## DATASET EXTRACT
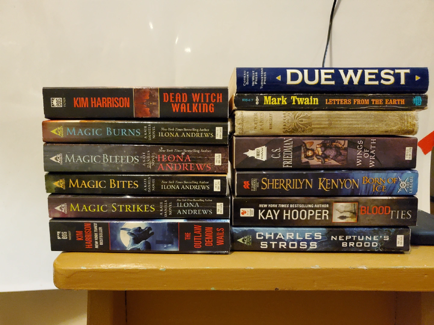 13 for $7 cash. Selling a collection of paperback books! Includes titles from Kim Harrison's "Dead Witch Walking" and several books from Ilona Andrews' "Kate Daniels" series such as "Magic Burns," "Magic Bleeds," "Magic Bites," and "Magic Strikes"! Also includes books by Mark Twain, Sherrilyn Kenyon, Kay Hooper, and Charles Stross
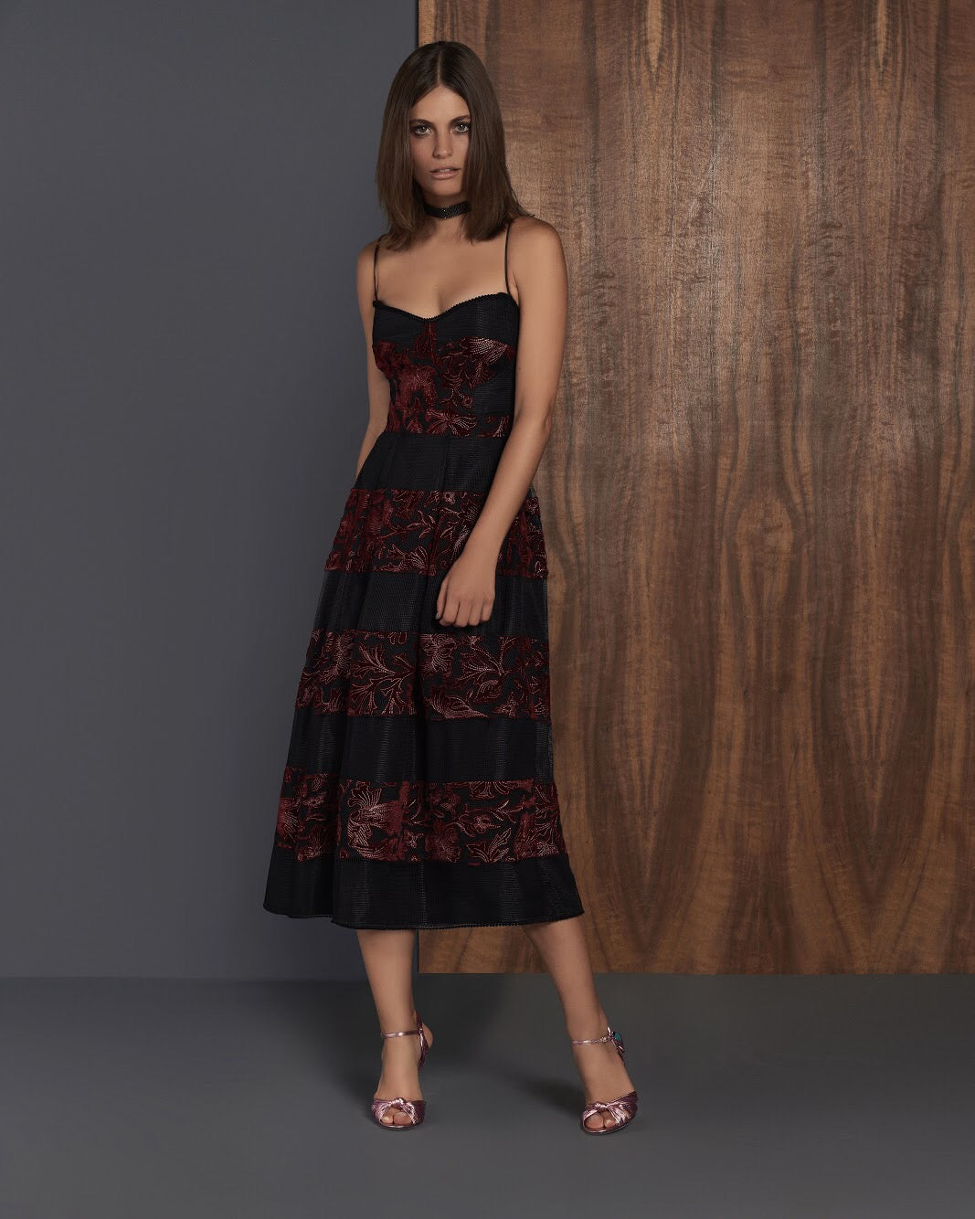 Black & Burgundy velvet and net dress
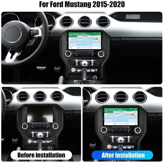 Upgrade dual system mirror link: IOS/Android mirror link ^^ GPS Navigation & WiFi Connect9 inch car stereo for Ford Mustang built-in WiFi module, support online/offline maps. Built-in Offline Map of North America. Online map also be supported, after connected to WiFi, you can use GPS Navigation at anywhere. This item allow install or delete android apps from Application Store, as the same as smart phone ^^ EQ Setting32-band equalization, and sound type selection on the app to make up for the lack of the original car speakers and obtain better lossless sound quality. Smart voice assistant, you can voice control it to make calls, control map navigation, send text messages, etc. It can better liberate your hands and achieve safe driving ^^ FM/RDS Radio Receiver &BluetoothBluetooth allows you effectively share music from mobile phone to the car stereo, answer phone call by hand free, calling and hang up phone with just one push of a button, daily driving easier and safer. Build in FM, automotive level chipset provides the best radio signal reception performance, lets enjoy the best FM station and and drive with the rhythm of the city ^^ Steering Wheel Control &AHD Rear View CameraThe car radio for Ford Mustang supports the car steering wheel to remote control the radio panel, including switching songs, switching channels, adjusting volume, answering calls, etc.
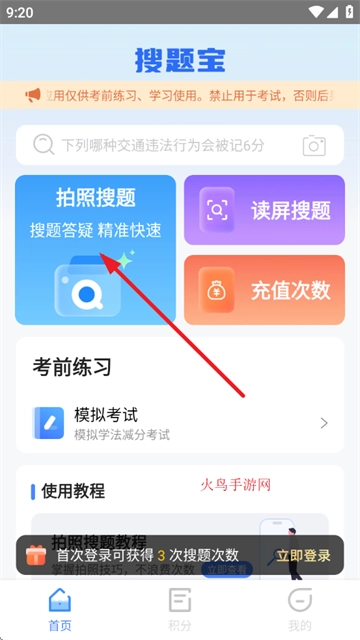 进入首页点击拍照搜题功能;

## EXERCISE
Without including a single picture, restate all of the data word for word.

## OUTPUT BELOW
 13 for $7 cash. Selling a collection of paperback books! Includes titles from Kim Harrison's "Dead Witch Walking" and several books from Ilona Andrews' "Kate Daniels" series such as "Magic Burns," "Magic Bleeds," "Magic Bites," and "Magic Strikes"! Also includes books by Mark Twain, Sherrilyn Kenyon, Kay Hooper, and Charles Stross
 Black & Burgundy velvet and net dress
 Upgrade dual system mirror link: IOS/Android mirror link ^^ GPS Navigation & WiFi Connect9 inch car stereo for Ford Mustang built-in WiFi module, support online/offline maps. Built-in Offline Map of North America. Online map also be supported, after connected to WiFi, you can use GPS Navigation at anywhere. This item allow install or delete android apps from Application Store, as the same as smart phone ^^ EQ Setting32-band equalization, and sound type selection on the app to make up for the lack of the original car speakers and obtain better lossless sound quality. Smart voice assistant, you can voice control it to make calls, control map navigation, send text messages, etc. It can better liberate your hands and achieve safe driving ^^ FM/RDS Radio Receiver &BluetoothBluetooth allows you effectively share music from mobile phone to the car stereo, answer phone call by hand free, calling and hang up phone with just one push of a button, daily driving easier and safer. Build in FM, automotive level chipset provides the best radio signal reception performance, lets enjoy the best FM station and and drive with the rhythm of the city ^^ Steering Wheel Control &AHD Rear View CameraThe car radio for Ford Mustang supports the car steering wheel to remote control the radio panel, including switching songs, switching channels, adjusting volume, answering calls, etc.
 进入首页点击拍照搜题功能;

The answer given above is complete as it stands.